It clearly means that the state is not using public reason! Instead we can see that the state's internal motivation for its action must be derived from some comprehensive doctrine, or some class of such doctrines. And this means that the state itself has subscribed to a comprehensive doctrine, or some class thereof. But what on earth is an establishment of religion if not the state's subscribing to a particular religious doctrine, or a particular class of religious doctrines? Suppose that New Jersey passed a law saying "The State of New Jersey believes in the divinity of Jesus Christ." This would be plainly unconstitutional, right? Even if it doesn't have any tangible effect on anyone directly, this is an establishment of religion. But when the state passes a law that one cannot possible support without believing in the divinity of Jesus Christ, that law contains, implicitly, the above statement. It is therefore just as unconstitutional, every bit as much an establishment of religion. One can broaden the statement, perhaps maximally to "the State of New Jersey believes in God." That's invalid, therefore anything which could not be supported without that belief is invalid. Prayer to open legislative sessions, or court sessions, or whatever: invalid. "In God We Trust" on the money: invalid. "Under God" in the Pledge of Allegiance: invalid. All of these things declare that the government, not just the people, believes in god. And the government is not allowed to believe in god, even if every single one of its officials does.
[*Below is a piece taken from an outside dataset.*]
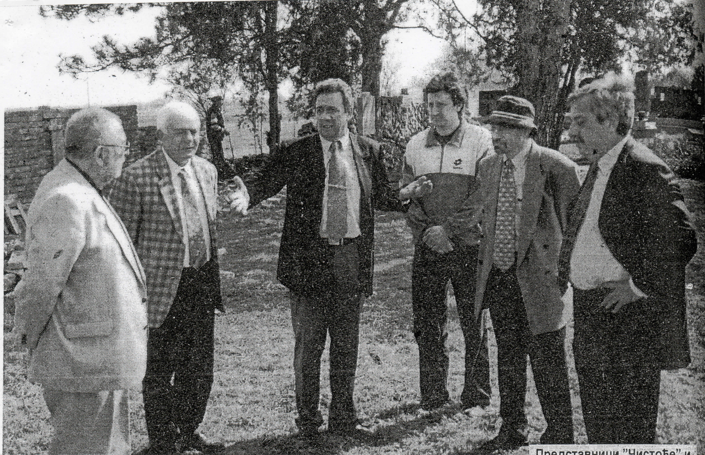
Из ЈКП "Чистоћа"

Public Reason and Holiday Displays
John Rawls has this idea of public reason. In a pluralistic society, says Rawls (also assuming that we are and always will be in a pluralistic society), people have lots and lots of different so-called "comprehensive doctrines," religious, political, or moral philosophies that inform the entirety of a person's worldview. If two people holding different comprehensive doctrines try to conduct a discussion with each other, each one making arguments based thoroughly on their comprehensive doctrines, they might as well be speaking different languages, and will end up talking past one another. So Rawls has his idea of the overlapping consensus, which is roughly speaking the set of values that can be endorsed by all reasonable comprehensive doctrines in a society. Any member of pluralistic society, then, can assume that any other member of that same society will share the values in the overlapping consensus. Public reason consists of arguments made in terms of those consensus values, i.e. public reasoning means arguing in terms that any random member of society who does not share your comprehensive doctrine could share.
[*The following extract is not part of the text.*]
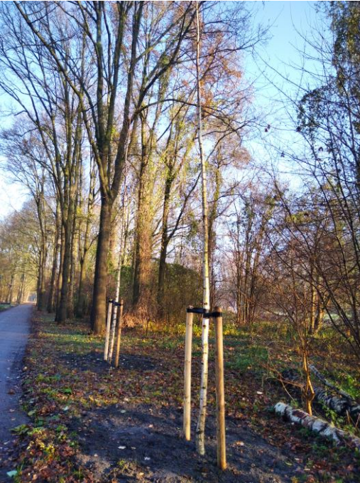
2 nieuwe berken langs Rondje

Bij de derde ingang van het park stuit het Rondje op een bosvak. Binnen dit bosvak aan de zuidzijde bevindt zich een open plek, die de Huiskamer wordt genoemd. Om het gebruik van die plek als ontmoetingsplaats te bevorderen, wil de gemeente deze ruimte aan de boszijde omringen met Amerikaanse krentenboompjes en eventueel inheemse heesters; het gras zal vaker worden gemaaid en de kapotte bank wordt vervangen. Hier eindigde onze wandeling, er zullen zeker meer volgen.

Rawls' big idea (okay, one of Rawls' many big ideas) about the terms of public discourse in a pluralistic democracy is that, while it is perfectly acceptable to make arguments in the public discourse which are rooted in one's comprehensive doctrine (typically but not exclusively a religion), when you do so you have to make sure to back up your doctrinal arguments with some arguments at public reason. Otherwise, why should anyone else in the society listen to you, except those who happen to share your comprehensive doctrine? Martin Luther King's A Letter from Birmingham Jail is a masterpiece of this method, moving back and forth between explicitly religious arguments addressed to his nominal audience, a group of white clergy, and secular arguments that track the religious ones and tend toward the same conclusion.
So, here's my thought about this notion of public reason. An absurdly big deal in Establishment Clause litigation (I have a presentation to give on the Establishment Clause this week!) is what kinds of holiday displays by the government are acceptable. A Christmas tree? A menorah? A nativity scene? What's the limit? Well, I have a theory: the appropriate rule is that there should be a good public-reason argument for setting up any holiday display. A Christian wants to put up a nativity scene because of their comprehensive doctrine. I, an atheist, have no reason to want a creche on government property, and I have a hard time imagining an atheist who did want one. But I, a random member of society presumed to lack a comprehensive doctrine, have plenty of reason to want a Christmas tree put up. For one thing, Christmas trees are absurdly pretty. For another, look, maybe Christmas is in some sense an important religious holiday, but it's a much, much more holiday in its purely secular component. Hell, there has historically been a War on Christmas, but it has always been waged by zealous Christians who believed the holiday insufficiently religious. Likewise Hanukkah: the ratio of Americans who "celebrate" Hanukkah to American Jews who actually celebrate Hanukkah is quite large, simply because the number of American Jews is tiny while Hanukkah is a pretty big-deal secular holiday. So we have plenty of public reason to want trees (which are pagan anyway!) and menorahs, but as best I can tell it's hard to find a public reason for the nativity scene.
Oh, and there's always a public reason to celebrate any religion that lets you eat chocolate or give presents.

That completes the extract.